- [ACTIVITY]
Using the records that follow, reproduce exactly the lines starting at the line containing "C.S.E. Cooney and" and ending at the line containing "Słupek balustradowy z". Include both end lines and no pictures.

- [DATA PROVIDED]
=====

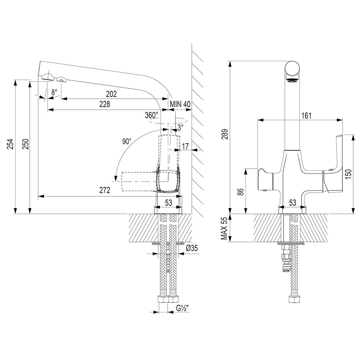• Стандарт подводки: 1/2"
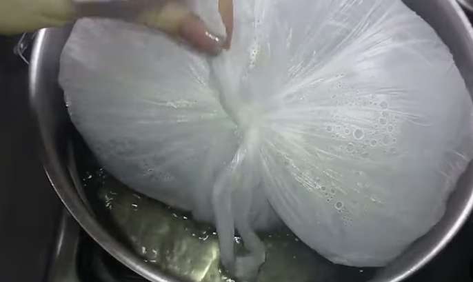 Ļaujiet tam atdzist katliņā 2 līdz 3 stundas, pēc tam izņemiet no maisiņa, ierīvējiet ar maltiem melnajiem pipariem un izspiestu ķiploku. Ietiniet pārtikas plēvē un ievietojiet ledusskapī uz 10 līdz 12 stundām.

=====

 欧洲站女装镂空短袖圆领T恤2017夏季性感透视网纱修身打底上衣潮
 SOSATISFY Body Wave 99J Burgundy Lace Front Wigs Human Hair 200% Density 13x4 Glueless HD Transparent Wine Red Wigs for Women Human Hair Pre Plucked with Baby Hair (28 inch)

=====

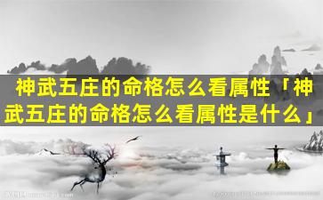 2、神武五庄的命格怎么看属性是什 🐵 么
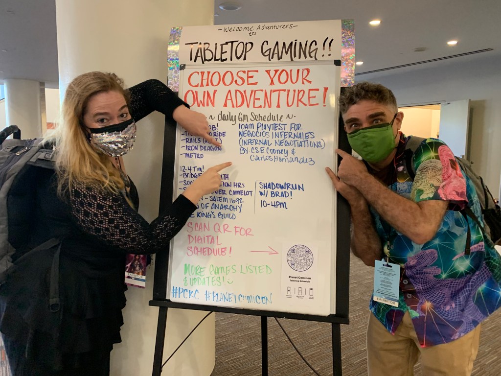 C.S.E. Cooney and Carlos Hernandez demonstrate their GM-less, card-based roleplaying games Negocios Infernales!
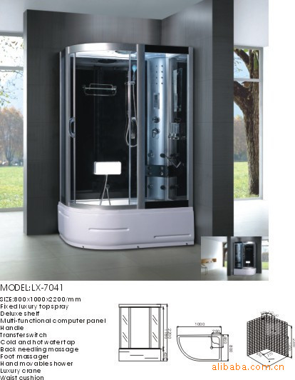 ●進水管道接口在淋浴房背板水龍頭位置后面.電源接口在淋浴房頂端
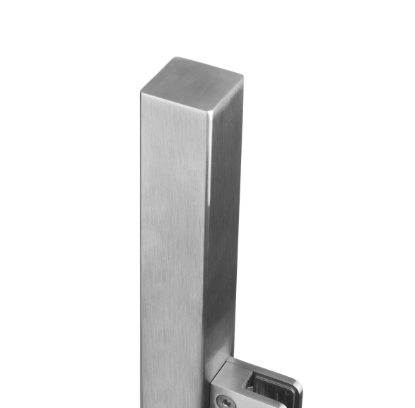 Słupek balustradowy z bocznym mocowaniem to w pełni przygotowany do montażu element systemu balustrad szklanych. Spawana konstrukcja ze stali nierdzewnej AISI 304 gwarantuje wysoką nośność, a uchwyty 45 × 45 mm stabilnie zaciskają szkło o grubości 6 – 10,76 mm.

=====

- [OUTPUT OF THE EXERCISE]
 C.S.E. Cooney and Carlos Hernandez demonstrate their GM-less, card-based roleplaying games Negocios Infernales!
 ●進水管道接口在淋浴房背板水龍頭位置后面.電源接口在淋浴房頂端
 Słupek balustradowy z bocznym mocowaniem to w pełni przygotowany do montażu element systemu balustrad szklanych. Spawana konstrukcja ze stali nierdzewnej AISI 304 gwarantuje wysoką nośność, a uchwyty 45 × 45 mm stabilnie zaciskają szkło o grubości 6 – 10,76 mm.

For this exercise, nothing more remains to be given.